I was working on my second year internship at a sister agency in Point Breeze and I was really interested in being a supervisor. I connected with United Communities and saw that they were doing great work and loved that they were doing this voluntary type work where they were working with parents and meeting them where they’re at and working towards their goals. I thought it was really unique and was really excited that not only did this agency have a great program but had an opening for exactly what I wanted to be doing. I got really lucky.

What is something you want the South Philadelphia community to know about the program?

I just want them to know we’re available to them. We really can work with any family that has children in the home and has goals. We have bilingual case managers and interpreters because I know that this is an extremely diverse community, culturally, linguistically, just every demographic which is amazing.

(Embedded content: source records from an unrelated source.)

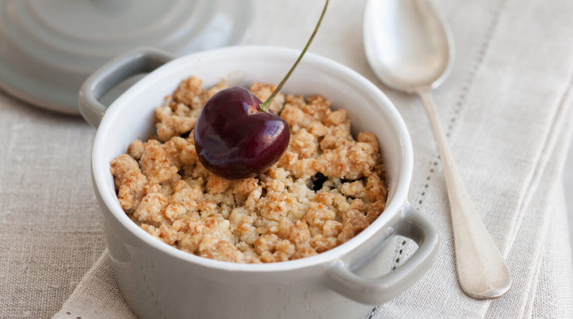 Dalla tradizione inglese, i crumble alla ciliegia uniscono la croccantezza del loro impasto con il gusto unico delle ciliegie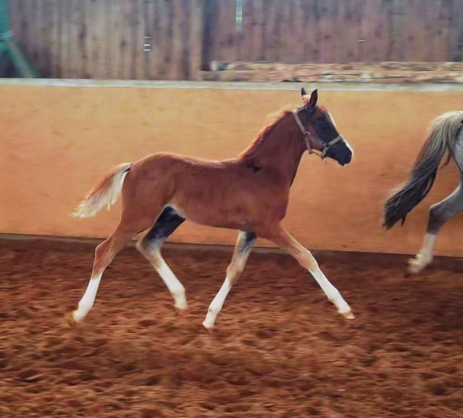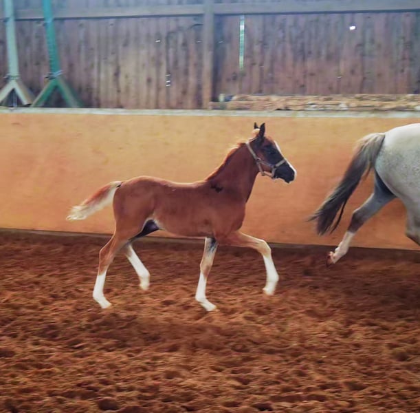 Dovers Abstammung ist Leistung pur. Seine Vatersseite enthält einen Bundeschampion nach dem anderen . Seine Mutter Nele hat die Staatsprämie , ihr Vollbruder Napoli ist zZt bis zur Klasse M in Amerika platziert, Die Großmutter Santa Fee war Siegerin bei der Eintragung, Siegerin im IG Stutenpreis und ist die Vollschwester zu den gekörten Sieger und Reservesieger Sheraton und Shalom, welche beide bis M Dressur platziert sind und sich mehrfach fürs BC qualifiziert haben. Eine weitere Vollschwester ist bis M Dressur und ein Vollbruder nahm an den Westfälischen Meisterschaften im Springen teil. Santa Fees Vater Santiago ist Prämien- Leistungshengst und Süddeutscher Körungssieger .Seine Vollbrüder Schiwago (auch Süddeutscher Körungssieger erfolgreich bis S Dressur) und Sydney HLP Sieger , Veronika Bundesprämienstute und Visa . Aus der Visa stammt Deluxe (3x BC qualifiziert und seit Jahren ein fester Bestandteil im österreichischen Pony Dressur Kader . Eine weitere Tochter Notre Dame ist siegreich in S Dressur in Amerika und ihre Vollschwester Normandie hat die Staatsprämie und führt die Linie der Visa in der Zucht weiter, Visas und Santiagos Vater Schwalmprinz war Körungssieger und Bundesreservesieger . Seine Eltern waren die legendäre Starlyte Pawlova war beste Europäische Welshstute in Ermelo und sein Vater Sarnau Showman war 3x Sieger der Royal Welshshow und führte jahrelang die Rangliste der englischen,hollandischen und belgischen Sportponys an . Dover hat auf der Fohlenschau die Goldprämie erhalten. Die gemachte Angaben sind unverbindliche Beschreibungen und stellen keine zugesicherten Eigenschaften dar. Der Verkäufer haftet nicht für Irrtümer, Eingabefehler und Datenübermittlungsfehler.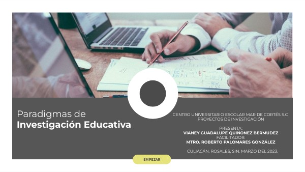 CENTRO UNIVERSITARIO ESCOLAR MAR DE CORTÉS S.C PROYECTOS DE INVESTIGACIÓN PRESENTA: VIANEY GUADALUPE QUIÑONEZ BERMUDEZ FACILITADOR: MTRO. ROBERTO PALOMARES GONZÁLEZ CULIACÁN, ROSALES, SIN. MARZO DEL 2023.
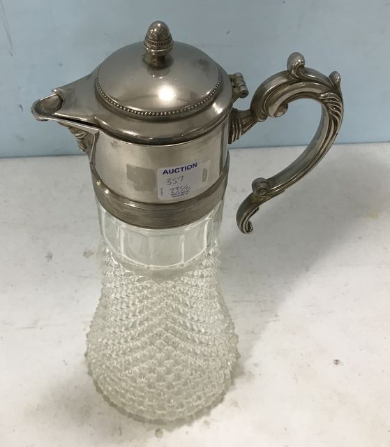 357 Silverplate & Glass Caraffe Pitcher With Glass Ice Tube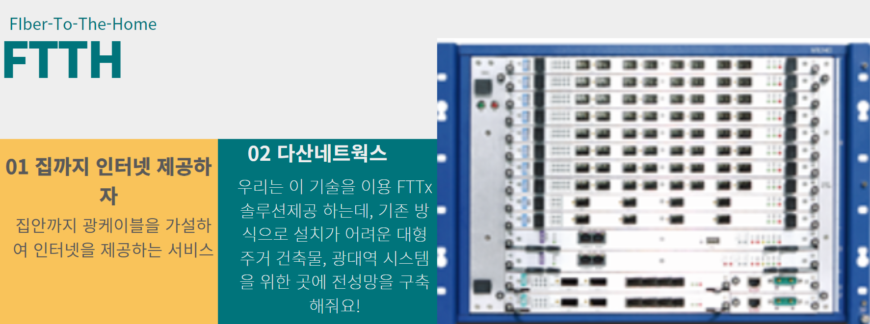 다산네트웍스는 이러한 FTTH기술을 이용하여, FTTx솔루션, 즉 대형 주거 건축물, 소형/중형 주거 건축물, 광대역 시스템을 위한 적용 가능한 전성망을 구축하는 솔루션을 지원하고 있어요!

What has been the most rewarding thing about being at Family Empowerment?

For me, any time I get to reassure someone or point them in the right direction, whether it’d be a staff member, a parent, a guardian or whoever’s calling me, if I’m able to hear them out or give them a resource that’s rewarding in that moment. Overall, being able to do work that helps improve people’s lives in a way that is guiding, that is really rewarding.

Lauren Fein with a backpack meant for a 3 year old boy.

When was the moment when you realized that you were making a difference in the community?

I don’t think it’s one moment. For us, every kid who is getting to school more regularly or parent who is connected to the appropriate benefits so they can provide a good life for their children, those are little things that I don’t know if it makes a difference in the community as a whole but, every one of those family units that we have an impact on, they together strengthen the community.